START Supplied information

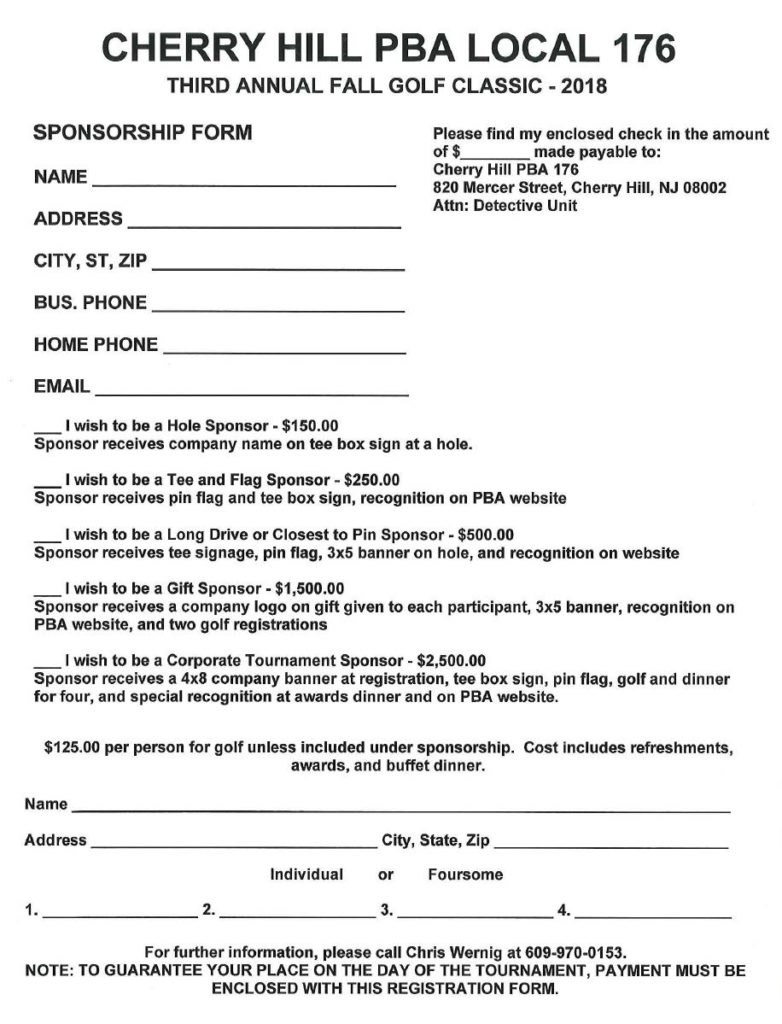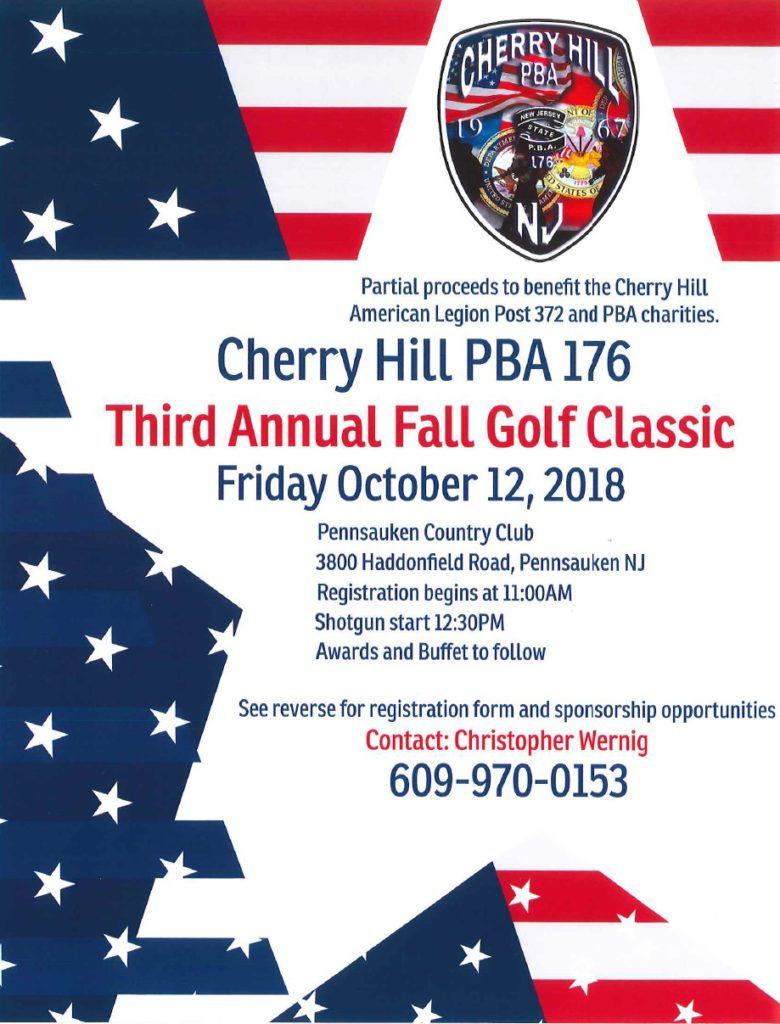 Come on out for a great day of golf at the Pennsauken Country Club on Friday, October 12th, 2018. Registration 11am. Shotgun starts at 12:30. Awards and buffet to follow. $125 pp. Cost includes golf, drinks and buffet dinner. Sponsorship opportunities available. Click here to download/print Registration form and sponsorship opps. Questions?…call Chris W at 609-970-0153. Proceeds benefit American Legion Post 372 and other PBA Charities.
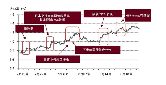 图3显示了自7月初以来美国10年期国债收益率的日内走势,以及此期间出现收益率大幅上升的七个日期。而其中只有一日的经济增长/通胀数据较为明显,即亚特兰大联储GDPnow公布2023年三季度的GDP增长率预计为5.8%。然而,随后收益率则迅速回落。
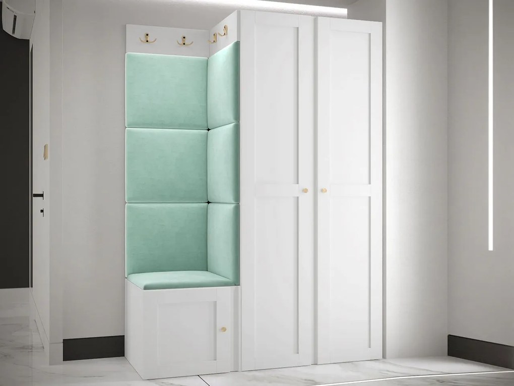 Elegantná predsieňová zostava Terospito XXIII so šatníkovou skriňou je priestranným a funkčným riešením na uloženie oblečenia a obuvi. Súčasťou tohto modelu sú aj vešiaky a skrinka na topánky. Jeho výnimočne dekoratívna časť je vyrobená z čalúnených panelov, ktoré majú tiež vlastnosti pohlcujúce zvuk a ochranné vlastnosti. Nábytok umožňuje pohodlné uloženie rôznych druhov oblečenia a obuvi.Šatníková skriňa je vyrobená z kvalitných materiálov, čo zaručuje odolnosť a elegantný vzhľad. Toto riešenie umožňuje organizovať priestor a umožňuje štýlové usporiadanie miestnosti. Bude tiež kľúčovým prvkom sály, ktorý nás a našich hostí privíta krásnou vizuálnou vrstvou.Rozmery:Skrinka 1D na topánky:šírka: 42 cm, výška: 42 cm, hĺbka: 46 cm,Vešiak na šaty 42: x2šírka: 42 cm, výška: 16 cm, hĺbka: 4,6 cm,Šatníková skriňa 2D:šírka: 74 cm, výška: 186 cm, hĺbka: 46 cm,Čalúnený panel Pag 42x42: x7šírka: 42 cm, výška: 42 cm, hĺbka: 4 cmPrevedenie nábytku:Predná strana: 16 mm hrubá MDF doska + 16 mm hrubá drevotrieska,Korpus: drevotrieska s hrúbkou 16 mm,hrany zakončené 0,5 mm PVC dyhou,zlaté kovové rukoväte,plastové nohy vo farbe korpusu,obyčajné pánty,vešiaky obsahujú 8 dvojháčikovPrevedenie čalúneného panelu:materiál: podložkou panelu je doska s hrúbkou 8 mm + 3 cm hrubá pena T18 + látka,tvar: štvorcový,3D efekt,chráni steny pred poškodením,zvukotesný,spôsob montáže: lepidlom, suchým zipsom alebo montážnou penou (v cene nie je zahrnuté toto príslušenstvo, zákazník si ho kupuje sám),aplikácia: vnútri,panely ideálne na dokončenie stenyZáruka: 24 mesiacov
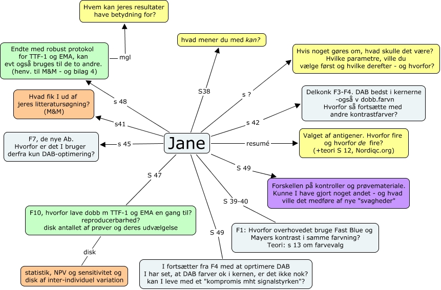 This Concept Map, created with IHMC CmapTools, has information related to: Jane, Jane S 47 F10, hvorfor lave dobb m TTF-1 og EMA en gang til? reproducerbarhed? disk antallet af prøver og deres udvælgelse, Jane s 48 Endte med robust protokol for TTF-1 og EMA, kan evt også bruges til de to andre. (henv. til M&M - og bilag 4), F10, hvorfor lave dobb m TTF-1 og EMA en gang til? reproducerbarhed? disk antallet af prøver og deres udvælgelse disk statistik, NPV og sensitivitet og disk af inter-individuel variation, Jane resumé Valget af antigener. Hvorfor fire og hvorfor de fire? (+teori S 12, Nordiqc.org), Jane s41 Hvad fik I ud af jeres litteratursøgning? (M&M), Jane s ? Hvis noget gøres om, hvad skulle det være? Hvilke parametre, ville du vælge først og hvilke derefter - og hvorfor?, Jane s 42 Delkonk F3-F4. DAB bedst i kernerne -også v dobb.farvn Hvorfor så fortsætte med andre kontrastfarver?, Endte med robust protokol for TTF-1 og EMA, kan evt også bruges til de to andre. (henv. til M&M - og bilag 4) mgl Hvem kan jeres resultater have betydning for?, Jane S38 hvad mener du med kan?, Jane S 39-40 F1: Hvorfor overhovedet bruge Fast Blue og Mayers kontrast i samme farvning? Teori: s 13 om farvevalg, Jane s 45 F7, de nye Ab. Hvorfor er det I bruger derfra kun DAB-optimering?, Jane S 49 I fortsætter fra F4 med at oprtimere DAB I har set, at DAB farver ok i kernen, er det ikke nok? kan I leve med et "kompromis mht signalstyrken"?, Jane S 49 Forskellen på kontroller og prøvemateriale. Kunne I have gjort noget andet - og hvad ville det medføre af nye "svagheder"
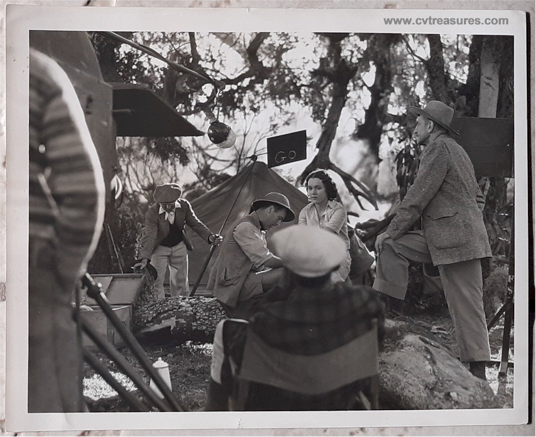 Beautiful vintage photo from "Tarzan", 1932 . Striking contrast with sepia tone showing Muareen Sullivan, co stars and Director getting ready for a scene. . Original studio snipe on back describes details of the photo.

END Supplied information

The result should be an exact copy of the material, containing no pictures.

Answer area
 Come on out for a great day of golf at the Pennsauken Country Club on Friday, October 12th, 2018. Registration 11am. Shotgun starts at 12:30. Awards and buffet to follow. $125 pp. Cost includes golf, drinks and buffet dinner. Sponsorship opportunities available. Click here to download/print Registration form and sponsorship opps. Questions?…call Chris W at 609-970-0153. Proceeds benefit American Legion Post 372 and other PBA Charities.
 图3显示了自7月初以来美国10年期国债收益率的日内走势,以及此期间出现收益率大幅上升的七个日期。而其中只有一日的经济增长/通胀数据较为明显,即亚特兰大联储GDPnow公布2023年三季度的GDP增长率预计为5.8%。然而,随后收益率则迅速回落。
 Elegantná predsieňová zostava Terospito XXIII so šatníkovou skriňou je priestranným a funkčným riešením na uloženie oblečenia a obuvi. Súčasťou tohto modelu sú aj vešiaky a skrinka na topánky. Jeho výnimočne dekoratívna časť je vyrobená z čalúnených panelov, ktoré majú tiež vlastnosti pohlcujúce zvuk a ochranné vlastnosti. Nábytok umožňuje pohodlné uloženie rôznych druhov oblečenia a obuvi.Šatníková skriňa je vyrobená z kvalitných materiálov, čo zaručuje odolnosť a elegantný vzhľad. Toto riešenie umožňuje organizovať priestor a umožňuje štýlové usporiadanie miestnosti. Bude tiež kľúčovým prvkom sály, ktorý nás a našich hostí privíta krásnou vizuálnou vrstvou.Rozmery:Skrinka 1D na topánky:šírka: 42 cm, výška: 42 cm, hĺbka: 46 cm,Vešiak na šaty 42: x2šírka: 42 cm, výška: 16 cm, hĺbka: 4,6 cm,Šatníková skriňa 2D:šírka: 74 cm, výška: 186 cm, hĺbka: 46 cm,Čalúnený panel Pag 42x42: x7šírka: 42 cm, výška: 42 cm, hĺbka: 4 cmPrevedenie nábytku:Predná strana: 16 mm hrubá MDF doska + 16 mm hrubá drevotrieska,Korpus: drevotrieska s hrúbkou 16 mm,hrany zakončené 0,5 mm PVC dyhou,zlaté kovové rukoväte,plastové nohy vo farbe korpusu,obyčajné pánty,vešiaky obsahujú 8 dvojháčikovPrevedenie čalúneného panelu:materiál: podložkou panelu je doska s hrúbkou 8 mm + 3 cm hrubá pena T18 + látka,tvar: štvorcový,3D efekt,chráni steny pred poškodením,zvukotesný,spôsob montáže: lepidlom, suchým zipsom alebo montážnou penou (v cene nie je zahrnuté toto príslušenstvo, zákazník si ho kupuje sám),aplikácia: vnútri,panely ideálne na dokončenie stenyZáruka: 24 mesiacov
 This Concept Map, created with IHMC CmapTools, has information related to: Jane, Jane S 47 F10, hvorfor lave dobb m TTF-1 og EMA en gang til? reproducerbarhed? disk antallet af prøver og deres udvælgelse, Jane s 48 Endte med robust protokol for TTF-1 og EMA, kan evt også bruges til de to andre. (henv. til M&M - og bilag 4), F10, hvorfor lave dobb m TTF-1 og EMA en gang til? reproducerbarhed? disk antallet af prøver og deres udvælgelse disk statistik, NPV og sensitivitet og disk af inter-individuel variation, Jane resumé Valget af antigener. Hvorfor fire og hvorfor de fire? (+teori S 12, Nordiqc.org), Jane s41 Hvad fik I ud af jeres litteratursøgning? (M&M), Jane s ? Hvis noget gøres om, hvad skulle det være? Hvilke parametre, ville du vælge først og hvilke derefter - og hvorfor?, Jane s 42 Delkonk F3-F4. DAB bedst i kernerne -også v dobb.farvn Hvorfor så fortsætte med andre kontrastfarver?, Endte med robust protokol for TTF-1 og EMA, kan evt også bruges til de to andre. (henv. til M&M - og bilag 4) mgl Hvem kan jeres resultater have betydning for?, Jane S38 hvad mener du med kan?, Jane S 39-40 F1: Hvorfor overhovedet bruge Fast Blue og Mayers kontrast i samme farvning? Teori: s 13 om farvevalg, Jane s 45 F7, de nye Ab. Hvorfor er det I bruger derfra kun DAB-optimering?, Jane S 49 I fortsætter fra F4 med at oprtimere DAB I har set, at DAB farver ok i kernen, er det ikke nok? kan I leve med et "kompromis mht signalstyrken"?, Jane S 49 Forskellen på kontroller og prøvemateriale. Kunne I have gjort noget andet - og hvad ville det medføre af nye "svagheder"
 Beautiful vintage photo from "Tarzan", 1932 . Striking contrast with sepia tone showing Muareen Sullivan, co stars and Director getting ready for a scene. . Original studio snipe on back describes details of the photo.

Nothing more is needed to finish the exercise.